Baharfar Mahroo, Yamini Yadollah, Seidi Shahram, Karami Monireh
Department of Chemistry, Faculty of Sciences, Tarbiat Modares University, P.O. Box: 14115-175, Tehran, Iran.
Department of Chemistry, Faculty of Sciences, Tarbiat Modares University, P.O. Box: 14115-175, Tehran, Iran.
J Chromatogr B Analyt Technol Biomed Life Sci. 2017 Nov 15;1068-1069:313-321. doi: 10.1016/j.jchromb.2017.10.062. Epub 2017 Nov 2.
In this work, a microfluidic device was developed for on-chip electromembrane extraction of trace amounts of ephedrine (EPH) and clonidine (CLO) in human urine and plasma samples followed by HPLC-UV analysis. Two polymethylmethacrylate plates were used as substrates and a microchannel was carved in each plate. The microchannel channel on the underneath plate provided the flow pass of the sample solution and the one on the upper plate dedicated to a compartment for the stagnant acceptor phase. A piece of polypropylene sheet was impregnated by an organic solvent and mounted between the two parts of the chip device. An electrical field, across the porous sheet, was created by two embedded platinum electrodes placed in the bottom of the channels which were connected to a power supply. The analytes were converted to their ionized form, passed through the supported liquid membrane, and then extracted into the acceptor phase by the applied voltage. All the effective parameters including the type of the SLM, the SLM composition, pH of donor and acceptor phases, and the quantity of the applied voltage were evaluated and optimized. Several organic solvents were evaluated as the SLM to assess the effect of SLM composition. Other parameters were optimized by a central composite design. Under the optimal conditions of voltage of 74V, flow rate of 28μLmin, 100 and 20mM HCl as acceptor and donor phase composition, respectively, the calibration curves were plotted for both analytes. The limits of detection were less than 7.0 and 11μgL in urine and plasma, respectively. The linear dynamic ranges were within the range of 10-450 and 25-500μgL (r˃0.9969) for CLO, and within the range of 20-450 and 30-500μgL (r˃0.9907) for EPH in urine and plasma, respectively. To examine the capability of the method, real biological samples were analyzed. The results represented a high accuracy in the quantitative analysis of the analytes with relative recoveries within the range of 94.6-105.2% and acceptable repeatability with relative standard deviations lower than 5.1%.

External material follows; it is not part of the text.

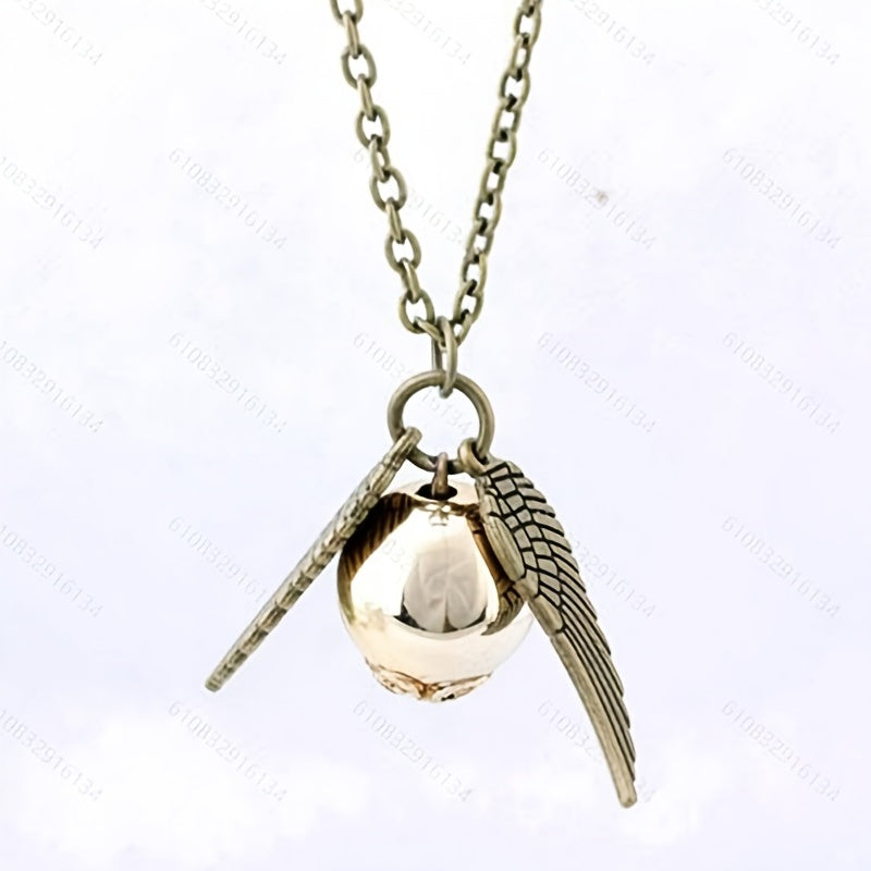 Elegant pendant necklace featuring a golden flying thief design.

在本研究中,开发了一种微流控装置,用于对人尿液和血浆样本中的痕量麻黄碱(EPH)和可乐定(CLO)进行芯片上的电膜萃取,随后进行HPLC-UV分析。使用两块聚甲基丙烯酸甲酯板作为基底,在每块板上刻蚀出一个微通道。下面板上的微通道提供样品溶液的流动通道,上面板上的微通道专门作为静止接收相的隔室。一块聚丙烯片材用有机溶剂浸渍后安装在芯片装置的两部分之间。通过放置在通道底部并连接到电源的两个嵌入式铂电极,在多孔片材上产生电场。分析物转化为离子化形式,穿过支撑液膜,然后通过施加的电压萃取到接收相中。对包括支撑液膜类型、支撑液膜组成、供体和受体相的pH值以及施加电压量在内的所有有效参数进行了评估和优化。评估了几种有机溶剂作为支撑液膜,以评估支撑液膜组成的影响。通过中心复合设计对其他参数进行了优化。在74V电压、28μLmin流速、分别为100和20mM HCl的接收相和供体相组成的最佳条件下,绘制了两种分析物的校准曲线。尿液和血浆中的检测限分别小于7.0和11μgL。可乐定在尿液和血浆中的线性动态范围分别为10-450和25-500μgL(r˃0.9969),麻黄碱在尿液和血浆中的线性动态范围分别为20-450和30-500μgL(r˃0.9907)。为了检验该方法的能力,对实际生物样品进行了分析。结果表明,该方法在分析物的定量分析中具有很高的准确性,相对回收率在94.6-105.2%范围内,具有可接受的重复性,相对标准偏差低于5.1%。